E muito distraídos...
É legítimo supor
por José Gomes
Ferreira (tirado daqui)
“A propósito da detenção de José Sócrates,
recordo por estes dias vários momentos da vida política do país e do exercício
do jornalismo em Portugal.
5 de
Janeiro de 2009: No final do
primeiro mandato e já em ano de eleições legislativas, o primeiro-ministro
aceita dar uma entrevista televisiva à SIC, conduzida por mim e por Ricardo
Costa. No decurso da conversa tensa, crispada, José Sócrates é confrontado com
um gráfico do próprio orçamento de Estado de 2009, que mostra o verdadeiro
impacto das sete novas subconcessões rodoviárias em regime de parceria público
privada: a conta a cargo do contribuinte é astronómica, mas só começará a ser
paga...em 2014.
A reacção do político é de surpresa
desagradável, de falta de argumentos rápidos, pela primeira vez em muitos
momentos de confronto jornalístico com a realidade das políticas que estavam a
ser lançadas como "as melhores para o país", sem alternativa válida.

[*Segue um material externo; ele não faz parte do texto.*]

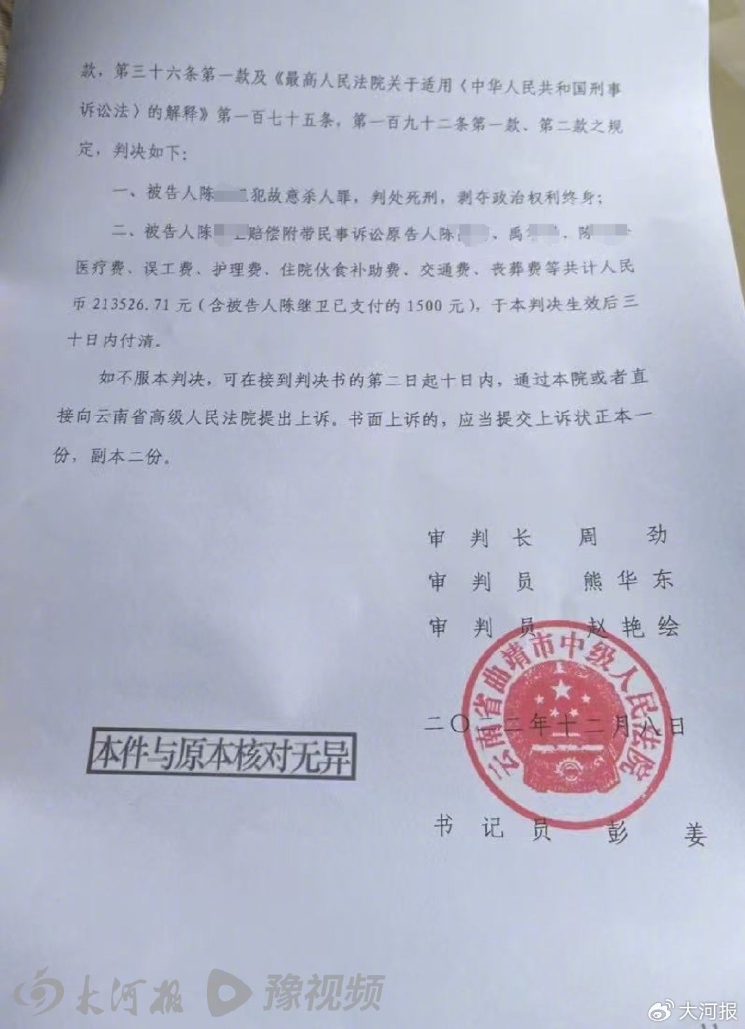 在該案中,陳昌雨既是被告人家屬也是受害人家屬。2021年3月14日,陳昌雨的父親陳某某因家庭矛盾將汽油潑向陳昌雨的母親禹某某並點燃,致其全身55%燒傷。禹某某經歷4個月救治後,因傷口感染中毒休克死亡。2022年12月,曲靖市中級人民法院一審以故意殺人罪判處陳某某死刑,陳某某提出上訴。2024年2月,雲南省高級人民法院二審裁定駁回上訴,維持死刑判決。

Na mesma entrevista, Ricardo Costa questiona o então primeiro-ministro sobre o
verdadeiro impacto da política para o sector energético, que estava a invadir a
paisagem com milhares de "ventoinhas" eólicas. A reacção evoluiu da
surpresa negativa para a agressividade.
No balanço dessa entrevista, boa parte do
país "bem pensante" insurgiu-se contra...os jornalistas. Os nomes que
então nos chamaram estão ainda na internet, basta fazer uma pesquisa rápida. Nesse
ano de 2009, o Governo tinha lançado um pacote de estímulo à economia no valor
de dois mil milhões de euros - obtidos a crédito no exterior porque nem Estado
nem privados tinham já poupança interna suficiente. A maior parte do
mega-investimento foi aplicada na renovação de escolas através da Parque
Escolar. Uma crise decorrente de um brutal endividamento combatia-se com mais
dívida.
No ano anterior, a Estradas de Portugal
tinham visto os seus estatutos alterados por iniciativa do Governo. Passava a
ser uma entidade com toda a liberdade para se endividar directamente, sem
limite. Ao então primeiro-ministro, ao Ministro da tutela, ao secretário de
Estado das obras públicas, perguntei muitas vezes em público se sabiam o que
estavam a fazer. E fui publicamente contestado por andar a "puxar o país
para baixo".
Em 2007, o então Ministro da Economia cedia
por 700 milhões de euros a extensão da exploração de dezenas de barragens por
mais 15 a
25 anos à EDP. Os próprios relatórios dos bancos de investimento valorizavam na
altura esta extensão em mais de dois mil milhões de euros. A meados de 2009
começa a ouvir-se falar do interesse da PT em comprar a TVI. O negócio é
justificado pela administração da empresa como uma necessidade de as operadoras
de telecomunicações, distribuidoras de conteúdos avançarem para o controlo da
produção desses mesmos conteúdos. Por aquela altura, já os casos, dos projectos
da Cova da Beira, da licenciatura duvidosa e das alegadas luvas no Freeport
faziam as páginas dos jornais e aberturas nas televisões.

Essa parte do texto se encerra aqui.